Pakistan, the Tenth Most Failed Country in the World

By DN Verma

Pakistan is a country that survives on all kinds of economic and military help from the United States, and also China to arm it to some extent. Without this huge help, the regime in Islamabad would collapse in no time and people would be left with nothing but chaos, confusion and catastrophe.

Pakistan's regime and its notorious ISI also survive on the concept of Jihad, mainly against neighboring India. Pakistan is a democracy only in name, its pillars are still the armed forces and the Inter Services Intelligence agency (ISI).

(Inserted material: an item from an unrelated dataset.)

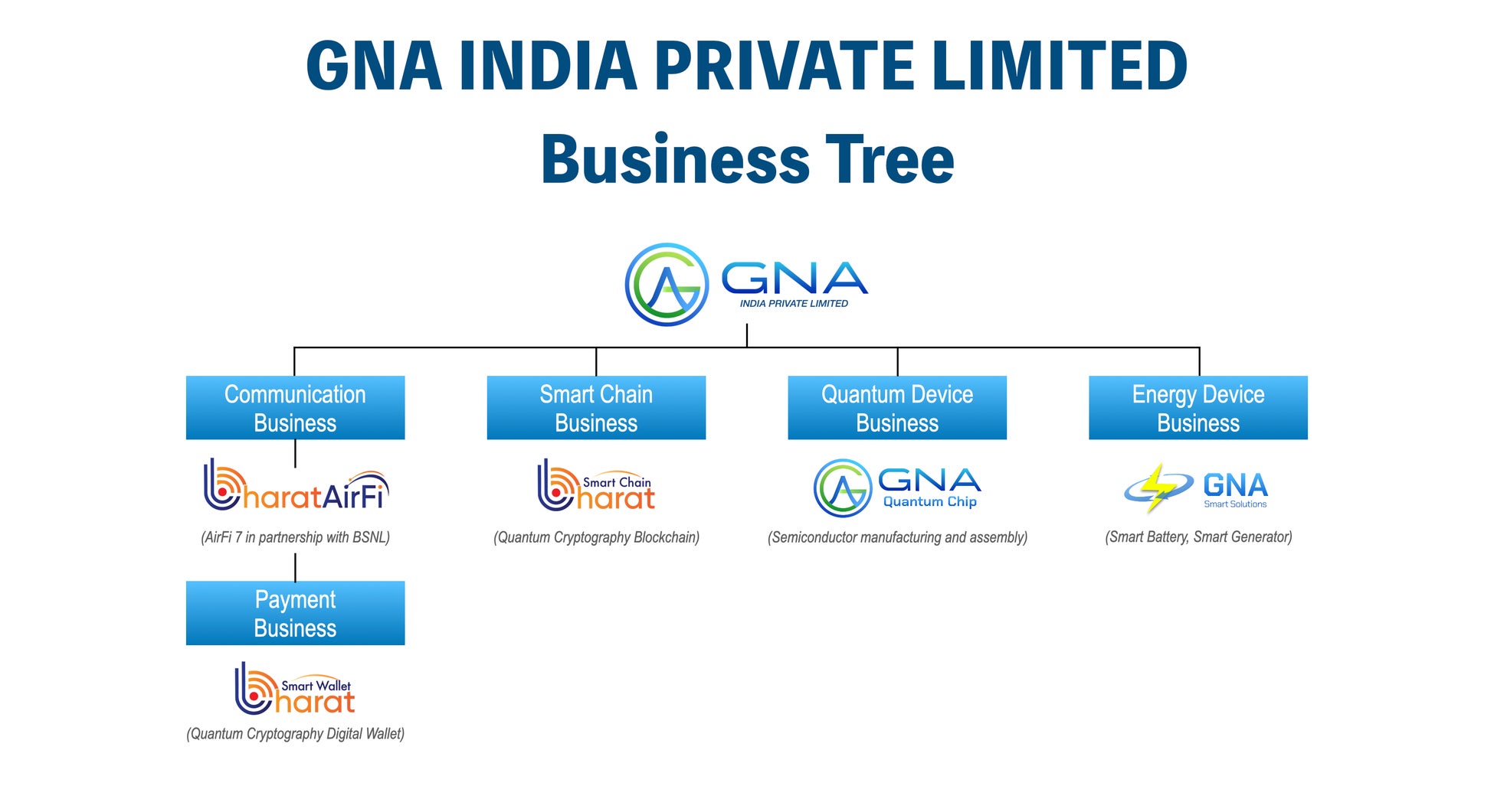 GNAが提供するケーブル不要の高速インターネットサービスを提供するWi-Fiブランドです。国営通信会社BSNLとの業務提携により、次世代Wi-Fi通信インフラを開発し、インド国民に安価で快適かつ高速な通信環境を提供していきます。インド政府が推進するDigital Indiaにおける重要なデジタル決済プラットフォームであるBharat Smart Chain(日本の開発チームが手がける世界初量子暗号技術を使ったブロックチェーン)で利用されるBharat Smart Walletは、Bharat AirFiサービスの決済に必要なセキュリティとデジタルソリューションを提供します。ユーザー数はBSNLの既存契約者約1億人が対象となる。

Now a Foreign Policy magazine report has added to the woes of this terror-generating and terror-exporting country boasting of radical Islamic teachings, with another ugly feather in its cap: It is the 10th most failed country in the world.

In the report released in Washington, DC, notes that Pakistan is just three places below Afghanistan as the 10th most failed state in the 2010 Failed State Index. The report was released by the prestigious Foreign Policy magazine recently.

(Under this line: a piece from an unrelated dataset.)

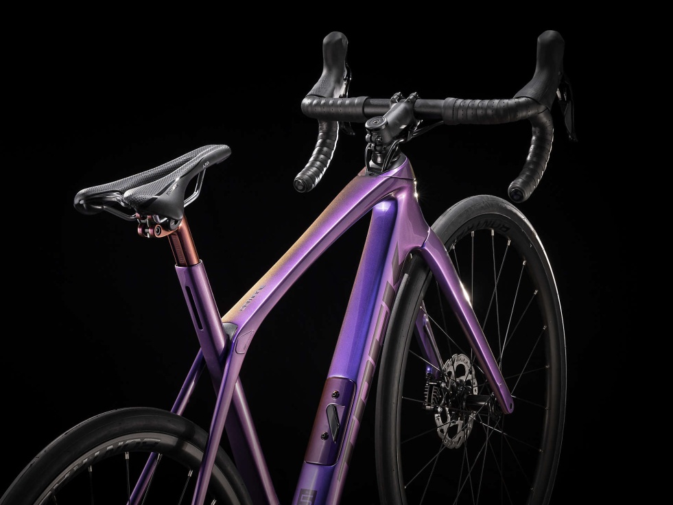 Domane SL 5 nabízí hladkou jízdu, rychlost a univerzálnost. Lehký rám z karbonu OCLV má přední a zadní prvek IsoSpeed, který vyhlazuje nerovnosti povrchu a minimalizuje únavu, takže v sedle vydržíte déle při plné síle. Má vylepšený pohon Shimano 105, kotoučové brzdy pro brzdný výkon do každého počasí a vnitřní úložný prostor se snadným přístupem k ukládání nezbytností pro jízdu.

The list is topped by Somalia, immediately followed by Zimbabwe, Sudan, and Chad.

India is ranked 87 in a list of 177 countries. In India's immediate neighborhood, Burma (Myanmar) has been placed at 13, Sri Lanka (22) and Nepal 25. China is ranked at 57th place. Norway is ranked at the bottom of the list, meaning it's the top country that has not failed at all.

According to reports, "Shattered Somalia has been the No.1 failed state for three years running, and none of the current top 10 has shown much improvement, if any, since Foreign Policy and the Fund for Peace began publishing the index in 2005."

"Altogether, the top 10 slots have rotated among just 15 unhappy countries in the index's six years. State failure, it seems, is a chronic condition," it said.

The magazine said Somalia saw yet another year plagued by lawlessness and chaos, with pirates plying the coast while radical Islamist militias tightened their grip on the streets of Mogadishu.

"Across the Gulf of Aden, long-ignored Yemen leapt into the news when a would-be suicide bomber who had trained there tried to blow up a commercial flight bound for Detroit," it said.

Afghanistan and Iraq traded places on the index as both states contemplated the exit of US combat troops. Already isolated Sudan saw its dictator, Omar Hassan al-Bashir, defy an arrest warrant from the International Criminal Court and the war-ravaged Democratic Republic of the Congo once again proved itself a country in little more than name, the magazine said.